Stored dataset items
______________________________

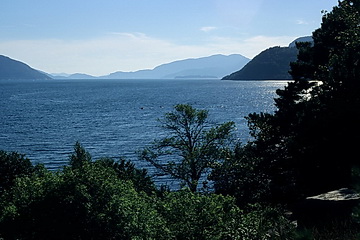 We crossed the Bergen railway at Voss and reached the Hardangerfjord 30 kms later. With a length of 179 km and a depth of 860 m it is Norway' s second largest fjord.
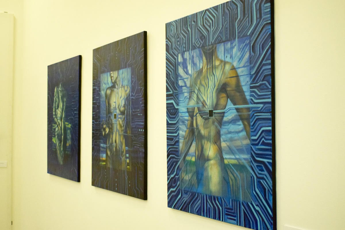 A családi festményei mellett a „Me tangere”, azaz „Érints meg” címet viselő aktsorozatának darabjai kapnak szerepet, melyeket még a pandémia, az elszigeteltség és az eltávolodás időszakában alkotott meg. Talán éles váltásnak tűnhet a két sorozat egymás mellé állítása, ám az alkotásokból nagyon szépen kirajzolódik a művész által képviselt értékek.
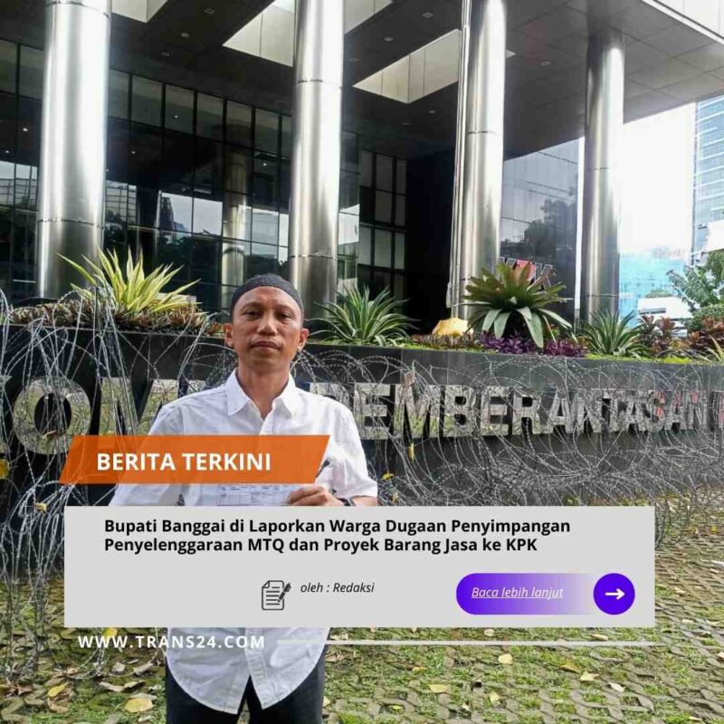 Jakarta//trans24.id — Seorang warga bernama Supriyadi dari Lembaga Sahabat KPK secara resmi melaporkan dugaan penyimpangan Bupati Banggai AT dalam penyelenggaraan Musabaqah Tilawatil Quran (MTQ) serta proyek pengadaan barang dan jasa di Kabupaten Banggai ke Komisi Pemberantasan Korupsi (KPK), Senin (5/1/2026).
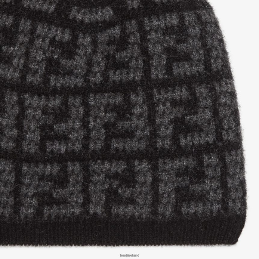 Skullcap made of cashmere with all-over inlaid FF motif in gray and black.
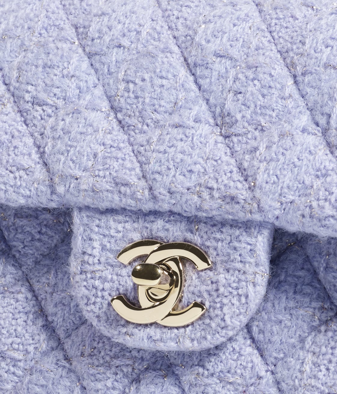 This mini classic rectangular flap bag is made of purple tweed with gold hardware, front flap with CC turnlock closure, half-moon back pocket and interwoven gold chain links and purple leather shoulder/crossbody strap.

______________________________

# Task description:
Your reply should restate the data above word for word and contain no pictures.

# Task result:
 We crossed the Bergen railway at Voss and reached the Hardangerfjord 30 kms later. With a length of 179 km and a depth of 860 m it is Norway' s second largest fjord.
 A családi festményei mellett a „Me tangere”, azaz „Érints meg” címet viselő aktsorozatának darabjai kapnak szerepet, melyeket még a pandémia, az elszigeteltség és az eltávolodás időszakában alkotott meg. Talán éles váltásnak tűnhet a két sorozat egymás mellé állítása, ám az alkotásokból nagyon szépen kirajzolódik a művész által képviselt értékek.
 Jakarta//trans24.id — Seorang warga bernama Supriyadi dari Lembaga Sahabat KPK secara resmi melaporkan dugaan penyimpangan Bupati Banggai AT dalam penyelenggaraan Musabaqah Tilawatil Quran (MTQ) serta proyek pengadaan barang dan jasa di Kabupaten Banggai ke Komisi Pemberantasan Korupsi (KPK), Senin (5/1/2026).
 Skullcap made of cashmere with all-over inlaid FF motif in gray and black.
 This mini classic rectangular flap bag is made of purple tweed with gold hardware, front flap with CC turnlock closure, half-moon back pocket and interwoven gold chain links and purple leather shoulder/crossbody strap.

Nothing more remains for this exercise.